‘Why are you always being naughty???’ Hmm..! This has been said to me almost 4 times within 45 minutes. Am i really that naughty?? I don’t think so. I’m just doing that thing called ‘life,’ and ‘living it.’ It’s not my fault yours is completely controlled to the point of boredom. ..that mine looks ‘naughty.’ My life’s GREATNESS, I dare you to join Me!! (I have a kitten in my hair.)
I’m feeling a little overwhelmed right now, as i’m getting rained on with all this life changing stuff, and i’m having to catch each droplet, think about it and sort it. It’s not my forte. I need help!! There’s too many things to sort at once!! I’m an entertainer…i’m not supposed to be figuring out my life…i’m supposed to be performing it to my best ability!! (haha.) But whatever, i’m happy, i’m lucky, and hoping that Santa brings me my Sumo Wrestler..before Christmas. (Yeah daddy!) I’d also like a giant cardboard cut-out…of myself. It could be the Sumo Wrestlers best friend…as something tells me i’ll be bored with ‘Fiona’ (thats what i’ve named the Sumo)..after a good 2 days and a good 200 cocktails.
I’ve been invited to attend like a million (slight exaggeration) events, parties and god knows what. I just can’t fit it all in, so i’m not going to any. I’m pulling crackers with the family. I’ve also promised all my friends that i would hang out with them. Yet i seem to have said ‘yes’ to everyone, only to find that i can’t possibly commit to such promises.
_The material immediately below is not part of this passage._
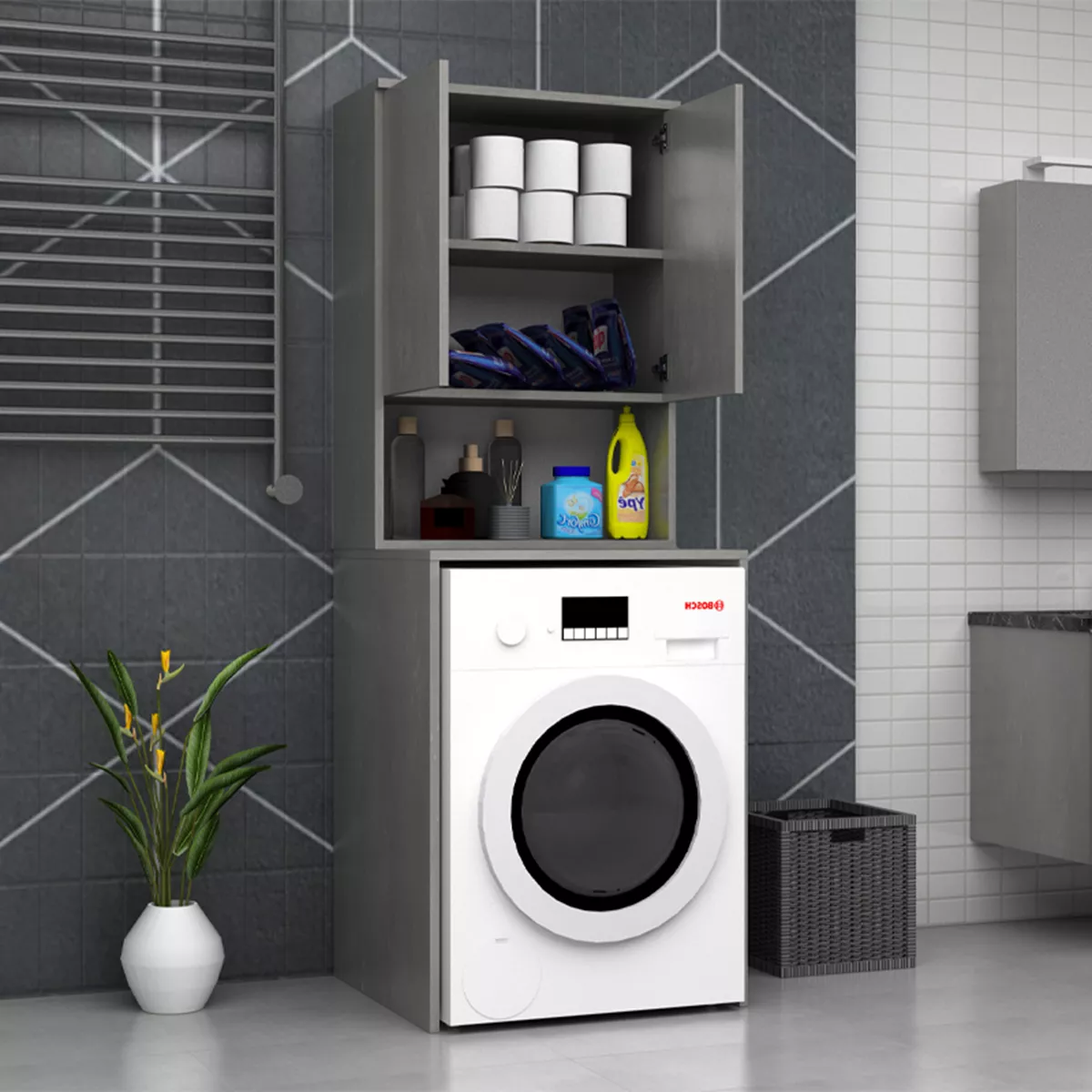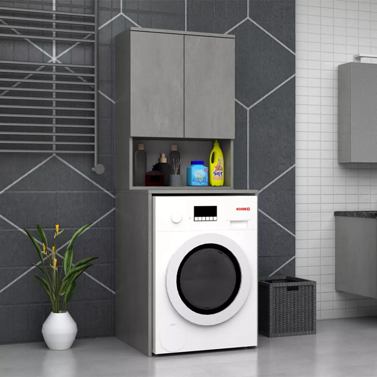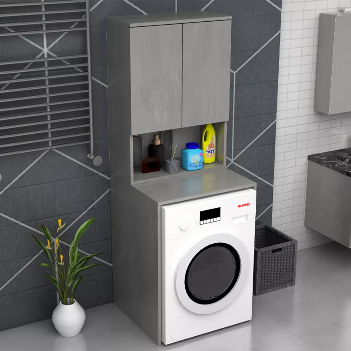 Έπιπλο πλυντηρίου Cozen Megapap χρώμα γκρι σκυροδέματος 65x60x178εκ.

But f*** it, i’m overwhelmed! I’m gotten really busy, and it just came out of nowhere! It’s like 200 ‘jack in the boxes,’ popping out at once. (I hate those things! It’s like 2 seconds of bursting pleasure…then it’s dead. I don’t like things that die in 2 seconds. It bores me.)
I have a facebook message from a dude talking about scrabble. Not sure whether he’s noticed i’m HOT. (lol…) But i like it, he wants to talk word games. I have a minor fear of word games, as in LA one time, after drinking sooo many malibu pineapples at The Abbey, i got kidnapped and put in an appartment with a bunch of other McDrunks, who all took some kind of prescription pills (Bad, bad, very baaaaaad…Note: I never! I hate all that!) and decided they wanted to play ‘Quibble.’ No? Is it ‘Quibble?’ It’s a word game. Anyone, this woman ends up having some kind of ‘she thinks she’s old’ fit, and starts dressing me in all her clothes that she produced from her wardrobe (of misses), standing me in front of a mirror, making me catwalk and telling (her imaginary friends) how great they were, then bursting into tears?? I kept saying she looked better in them than I did…to make her feel better…(But really She did, they were 10 sizes too big.) Then this other guy, (who’s a hollywood talent agent) blacked out on a sofa, after 6 pills..in a rather comedic manner, and didn’t manage to wake up on time, for a gay trip to Disneyland the next morning. Hilarious! Then the old woman, ended up confessing undying love for a friend of mine, and going on about how he looked like a Greek God. And how she wanted to bare his child..and all that good stuff. She made me pinky promise i wouldn’t ever go for him.
The next day ‘Greek God’ hit on me via the words, ‘I’m coming home with you tonight, and ur gonna show me how much you love me.’ I resisted for a good 2 hours and told a (tv producer) friend about my pinky pact, with ‘old girl.’ He laughed out loud, and said, ‘well its not really a battle.’ That evening, i had a ‘bedroom shuffle’ with ‘Greek god.’ The woman now hates me.Yet unfortunately, is forced to suck up to me, due to my rung position on the magical ‘ladder of popularity!!’ Hahaha! (Hoooolllywooood!!) So stupid! Love it!! This is why i HATE word games!